CN103955406A - Super block-based based speculation parallelization method - Google Patents
Super block-based based speculation parallelization method Download PDFInfo
- Publication number
- CN103955406A CN103955406A CN201410146566.5A CN201410146566A CN103955406A CN 103955406 A CN103955406 A CN 103955406A CN 201410146566 A CN201410146566 A CN 201410146566A CN 103955406 A CN103955406 A CN 103955406A
- Authority
- CN
- China
- Prior art keywords
- superblock
- dependence
- register
- executable file
- static analysis
- Prior art date
- Legal status (The legal status is an assumption and is not a legal conclusion. Google has not performed a legal analysis and makes no representation as to the accuracy of the status listed.)
- Pending
Links
Landscapes
- Devices For Executing Special Programs (AREA)
Abstract
The invention discloses a super block-based speculation parallelization method which comprises the following steps: dividing a program in an executable file into each super block; statically analyzing data dependence of a register between the super blocks; eliminating counter dependence and output dependence obtained by static analysis from the executable file; writing true data obtained by static analysis into the executable file; performing speculation execution on the program in the executable file on a multi-core processor by taking the super blocks as units. The super block-based speculation parallelization method can be used for eliminating the counter dependence and output dependence of the register between the super blocks; when the multi-core processor takes the super blocks as scheduling units and is used for preventing the speculative execution multiple super blocks with true data dependence on the processor at the same time; the super block-based speculation parallelization method can be used for improving the program parallelism, and reducing the speculation fault risk caused by a situation that processor scheduling particles become thinner.
Description
Technical field
The present invention relates to a kind of computing machine parallel method, especially relate to a kind of speculative parallelism method based on superblock in computer compile technology and architecture field.
Background technology
Polycaryon processor is the development trend of current computer processor, however programmer uncomfortablely write parallel program.Although the core amounts of processor is more and more, polycaryon processor being underutilized in most of the cases.
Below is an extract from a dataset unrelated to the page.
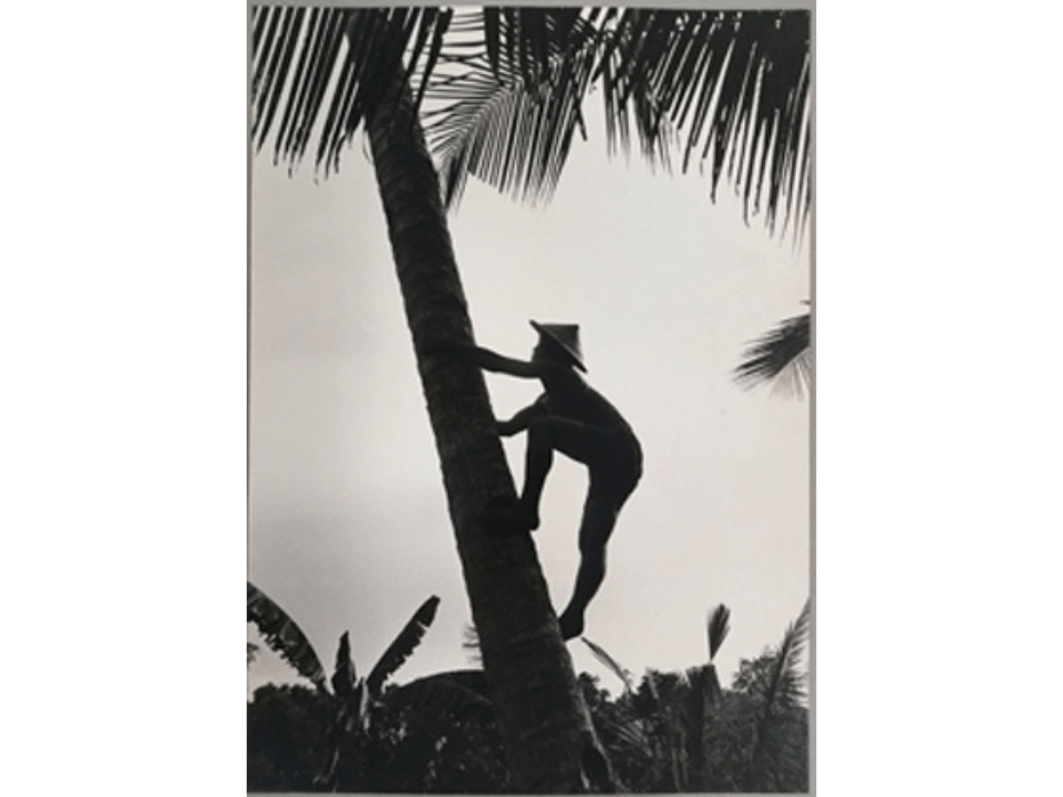 In this photograph, the climbing figure ascending a coconut tree trunk is likely a coconut harvester. The use of light and shadow in this photograph adds a sense of action and dynamism to the subject photographed.

Superblock is the technique of compiling for very-long instruction word processor and superscalar processor design.It has broken through the restriction of program fundamental block, has further developed the concurrency of program.
Processor is to take thread as basic thread at present, and scheduling size ratio superblock wants thick, and concurrency can further be excavated.
Congenial execution is a kind of hardware technology, and it can allow the out of order execution of instruction, finally completes according to the order of sequence simultaneously.When introducing the basic thread of superblock as processor, can attenuate because of scheduling granularity, thereby increase the risk failing in speculation.
Summary of the invention
The object of this invention is to provide a kind of speculative parallelism method based on superblock, it can make full use of the multinuclear resource of polycaryon processor.
The technical solution used in the present invention comprises the following steps:
1) by the procedure division in executable file, be each superblock;
2) data dependence of the register between static analysis superblock;
3) antidependence static analysis being obtained and output dependence are eliminated from executable file;
4) true data dependence static analysis being obtained writes executable file;
5) program in executable file be take to superblock as thread congenial execution on polycaryon processor.
The data dependence of the register between the static analysis superblock described step 2) specifically comprises the following steps:
2.1) scan each superblock, gather the register read write operation in wherein all superblock instructions;
2.2) according to step 2.1) gathering of obtaining, obtain true data dependence, antidependence and output dependence.
Between each core of polycaryon processor in described step 5), share register file, when a plurality of superblocks of existing true data to rely on while making to speculate to carry out are different on polycaryon processor, carry out.
The invention has the beneficial effects as follows:
The present invention has eliminated the register dependence between superblock.When polycaryon processor is using superblock as thread and while avoiding existing a plurality of superblocks that true data relies on to speculate to carry out on processor simultaneously, the present invention can improve the concurrency of program, reduces the risk failing in speculation of bringing when processor scheduling granularity attenuates.
Accompanying drawing explanation
Fig. 1 is the schematic diagram of performing step of the present invention.
Fig. 2 is the enforcement schematic diagram that true data of the present invention relies on data flow diagram.
Fig. 3 is that the present invention is dispatched to superblock the enforcement illustration of three core processors.
Fig. 4 is the complete procedure schematic diagram of the embodiment of the present invention.
Embodiment
Below in conjunction with drawings and the specific embodiments, the present invention is described in further detail.
As shown in Figure 1, of the present invention comprising the following steps:
1) by the procedure division in executable file, be each superblock;
2) data dependence of the register between static analysis superblock;
3) antidependence static analysis being obtained and output dependence are eliminated from executable file;
4) true data dependence static analysis being obtained writes executable file;
5) program in executable file be take to superblock as thread congenial execution on polycaryon processor.
The data dependence of the register between the static analysis superblock step 2) specifically comprises the following steps:
2.1) scan each superblock, gather the register read write operation in wherein all superblock instructions;
2.2) according to step 2.1) gathering of obtaining, obtain representing true data dependence, antidependence and output dependence.
Between each core of polycaryon processor in step 5), share register file, facilitate SYN register between a plurality of core, when a plurality of superblocks of existing true data to rely on while making to speculate to carry out are different on polycaryon processor, carry out.The present invention need to do the synchronous of register between the core of processor because the mutually continuous two-wheeled in front and back speculate the superblock carried out between, may there is data dependence, by sharing register file, undertaken synchronously.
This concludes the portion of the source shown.